The Hunger Games exists in a market where horrible acts of violence are sanitized to make them palatable to ratings bodies, to ensure maximum marketability. As Kyle Buchanan observed, the system was often arbitrary: “Two to three uses of the F-word would ensure that a film received an R-rating, while a PG-13 movie could contain ten times as many murders.” The year after The Hunger Games, World War Z earned a PG-13 rating by keeping its zombie-apocalypse relatively bloodless.
“What people want now is violence that is clean and quick, provoking no questions,” lamented James Orbesen, discussing the PG-13 remakes of RoboCop and Total Recall. The murder of children in The Hunger Games is a neat affair, most obvious in the delicate passing of the film’s youngest child combatant, Rue (Amandla Stenberg). This carries through into other franchises like The Maze Runner. Characters can use firearms and trucks as weapons, so long as they do not draw blood.
The violence in Battle Royale is horrifying, as it should be. It is unsettling and uncomfortable, particularly as the film confronts audience members with the truly horrific choices that many characters make in the heat of the moment. It is traumatic. It inspires revulsion at a culture that would do this. In contrast, the action of films like The Hunger Games is thrilling and exciting, often asking the audience to get as swept up in the carnage as the viewing public in the film itself.

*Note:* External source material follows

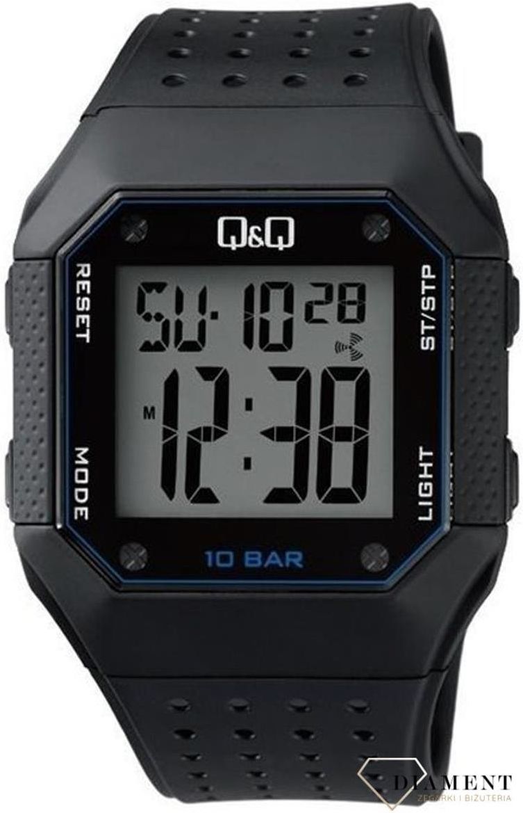 Zegarek męski Q&Q M158-003 Informacje o produkcie : Zegarek męski QQ M158-003 Rodzaj - Zegarek męski Pochodzenie - Japońskie Wskazanie czasu - Cyfrowe Pasek/Bransoleta - Pasek kauczukowy Styl - Sportowy Materiał koperty - Tworzywo sztuczne Kształt koperty - Prostokątna Kolor koperty - Czarny Mechanizm - Kwarcowy Kolor paska - Czarny Szkiełko - Hesalitowe Gwarancja - 3 lata Szerokość koperty - 40mm Grubość koperty - 13mm Wodoszczelność - Wodoszczelność 100m Kategoria : Zegarki męskie Dodatkowe atrybuty : Stoper - funkcja pozwalająca na odmierzenie czasu podczas wykonywania aktywności fizycznych oraz wielu codziennych czynności. Alarm - funkcja umieszczana najczęściej w sportowych zegarkach, której zadaniem jest przypomnienie sygnałem dźwiękowym lub wibracyjnym o wybiciu wcześniej ustawionej godziny. Często w zegarkach na rękę możemy ustawić zarówno jeden, jak i kilka alarmów Podwójny czas T1/T2 - funkcja pozwalająca na kontrolowanie czasu w dwóch strefach czasowych, co często przydatne jest podczas podróżowania. Podświetlenie - jedna z najbardziej pożądanych funkcji zegarka na rękę, pozwalająca na odczytanie danych z tarczy nawet w najciemniejszych miejscach. Podświetlenie w zegarku na rękę uruchamiane jest najczęściej poprzez przyciśnięcie dedykowanego przycisku na kopercie. Datownik - Dodatkowy element tarczy, wskazujący aktualny dzień miesiąca, tygodnia

This gets at another interesting distinction between Battle Royale and the young adult dystopian fiction boom that followed. Stories like The Hunger Games, The Maze Runner, and Divergent are explicitly post-apocalyptic. They exist in a world clearly removed from the present, often by cataclysm and collapse. In contrast, the world of Battle Royale feels much more anchored in contemporary realities.

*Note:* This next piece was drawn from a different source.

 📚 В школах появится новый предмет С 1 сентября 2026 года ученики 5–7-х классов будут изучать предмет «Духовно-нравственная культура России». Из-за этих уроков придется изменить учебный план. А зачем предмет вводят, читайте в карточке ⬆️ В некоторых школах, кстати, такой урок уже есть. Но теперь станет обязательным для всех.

Battle Royale was obviously inspired by contemporary anxieties in Japan, particularly around youth violence. Even outside of high-profile cases like the Kobe child murders in 1997, there was a clear fear about the next generation. By October 1999, The New York Times reported that “youth crime (was) one of the fastest-growing criminal categories in the country.” Those fears simmer through Battle Royale, in characters like Kiriyama (Masanobu Ando) and Mitsuko (Kou Shibasaki).
However, the decaying culture of Battle Royale is not comparable to that of The Hunger Games. The film’s closing scenes and flashbacks suggest a recognizable Japan. The social collapse is driven by high unemployment and social disengagement. Indeed, Battle Royale repeatedly emphasizes that the horrors of the island are only an escalation of the norm, from Noriko’s (Aki Maeda) memories of bullying to Niida’s (Hirohito Honda) creepy obsession with Takako (Chiaki Kuriyama).
Battle Royale spoke to a Japan that was emerging from a “lost decade,” with the 1997/1998 recession seeing a spike in suicide rates among young people. It is about a generation “deprived of the means of survival in the new economy.” The island is a metaphor for what society expects from these kids. As Kitano summarizes, “Life is a game. So fight for survival – and find out if you’re worth it.” Mitsuko acknowledges, “No one is going to save you. That’s just life.”
Battle Royale is a film that understands that teenagers are often thrown into a brutal and bloody world that denies them the comforts afforded their parents while offering impossible odds against success. Indeed, what little the audience learns of Kitano suggests that he is a bad parent, while Noriko regretfully concedes that she will never get the life her mother had. Unlike many of the films that followed, Battle Royale doesn’t pull its punches in its exploration of adolescent horror.